The study included 18 children who completed 12 months of dosing. One group (11 children) received the liquid peanut concentration, which was held under the tongue for one or two minutes and then swallowed.

The other group (seven children) received the placebo. The dose started at 0.25 micrograms of peanut protein administered in clinic and was increased biweekly by 25 to 100 percent until 2,000 micrograms was reached. In the time between the biweekly doses in the clinic, the children took daily doses of the previously administered dose at home. The 2,000 microgram dose was continued for six months.

After a year of dosing, the children on treatment tolerated significantly more peanuts when they were challenged. They tolerated the equivalent of six to seven peanuts compared to those that received placebo and tolerated less than one peanut.

“We were able to raise the threshold for the amount of peanuts these kids could tolerate,” Burks said. “But, we are not ready to take this approach to clinical practice,” he cautioned. “It’s not a long-term cure. That part of the process is still being studied now.”

Those that were on treatment are continuing and those that were on placebo have entered the treatment phase. Both groups will be followed three or four more years to determine if it’s feasible to eliminate their allergy.

“The good news is we have successfully helped these kids tolerate about five peanuts and that means accidental ingestion is less of a hazard,” Burks said. “Most kids with peanut allergies are not going to accidentally eat five peanuts and most reactions from accidental ingestions occur from just a trace of a peanut, well below the study groups’ new threshold.”

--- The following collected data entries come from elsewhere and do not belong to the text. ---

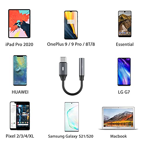 ➤ Dispositivi compatibili : L'adattatore per cuffie Realtek DAC Chip USB di tipo C aggiornato da 3,5 mm a 3,5 mm è compatibile con la maggior parte dei telefoni cellulari, pad, notebook, lettori con porta USB di tipo C, come, OnePlus 7 / 7 Pro / 6T / 6, Google Pixel 2/3/4, Google Pixel 2XL / 3XL / 4XL, Samsung Galaxy NOTE 10 / 10+, Samsung Galaxy S10 / S10 +, Samsung Galaxy Tab S6, Huawei, LG G7 altro.
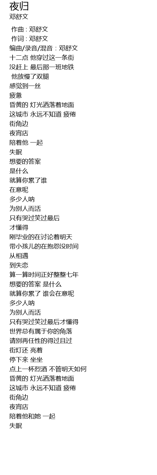 | [00:00.00] | 编曲/录音/混音:邓舒文 |
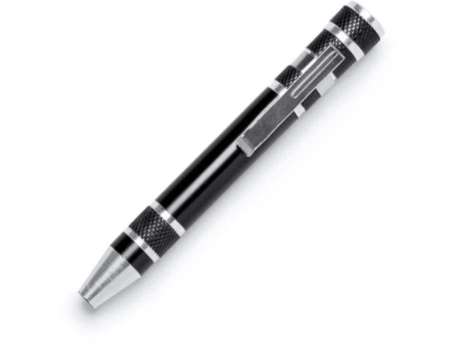 Алюминиевый мультитул в форме ручки. В комплекте 8 головок бит Комплектность: насадки для отвертки- 8 шт
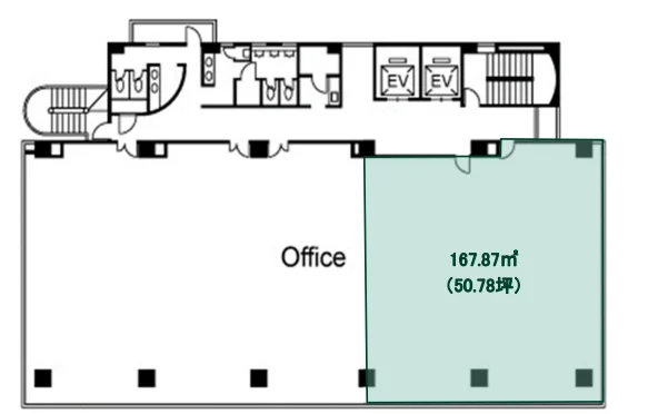 | 詳細を見る | 8階 | 内装事務所仕様 | 50.78坪 (167.87㎡) | 賃料¥660,140 (坪13,000円) | 共益費相談 | 敷金相談 | 入居可能日相談 |
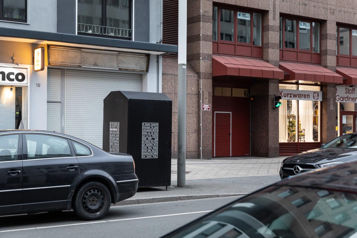 Yoshinori Niwa provokes a reflection on the relationship between private and public space. He places particular focus on historical reconciliation and the attached responsibility of different generations. His old clothes container for the disposal of unwanted or compromising relics from the Nazi era, after stops in Graz, Vienna, Düsseldorf and Cologne, is now located in a place where a store opened in 2019 that sold, among other things, the clothing brand ‘Thor Steinar’ popular with neo-Nazis.
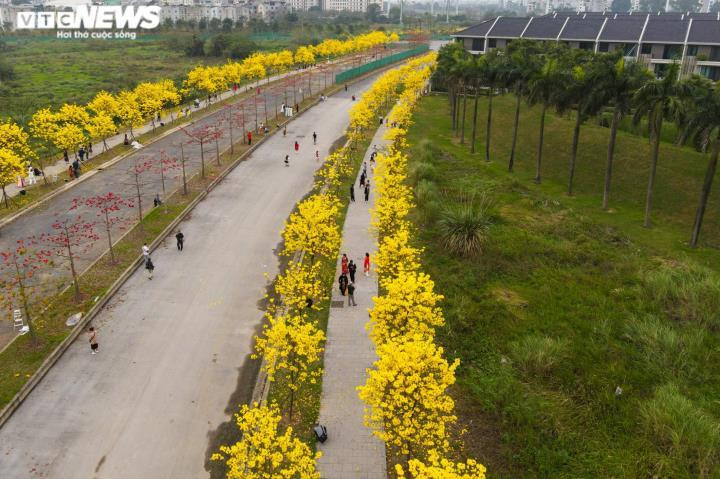 Hoa phong linh nở rộ phủ sắc vàng trên con đường dài gần 500m trong khu đô thị ParkCity (quận Hà Đông, Hà Nội) thu hút người dân đến đây tham quan, chụp ảnh.
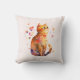 Coussin avec une adorable illustration aquarelle. Un chat tabby orange qui a l'air amical et heureux de voir les coeurs tourbillonner autour.
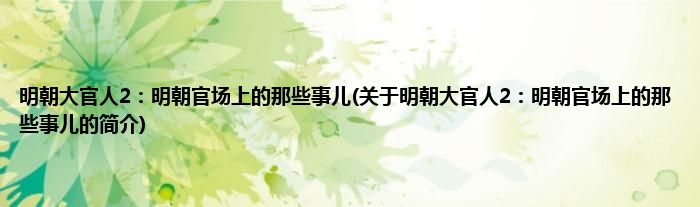 本文关于明朝大官人2:明朝官场上的那些事儿的简介就讲解完毕,希望对大家有所帮助。

The study, which published online January 31, 2011 in the Journal of Allergy and Clinical Immunology, was funded by the National Institutes of Health, the American Academy of Allergy, Asthma & Immunology, and the Wallace Research Foundation.

Co-authors of the study include Edwin H. Kim, J. Andrew Bird, Michael Kulis, Susan Laubach, Laurent Pons, Pamela Steele, Janet Kamilaris, and Brian Vickery, all of Duke University Medical Center, and Wayne Shreffler, of Massachusetts General Hospital.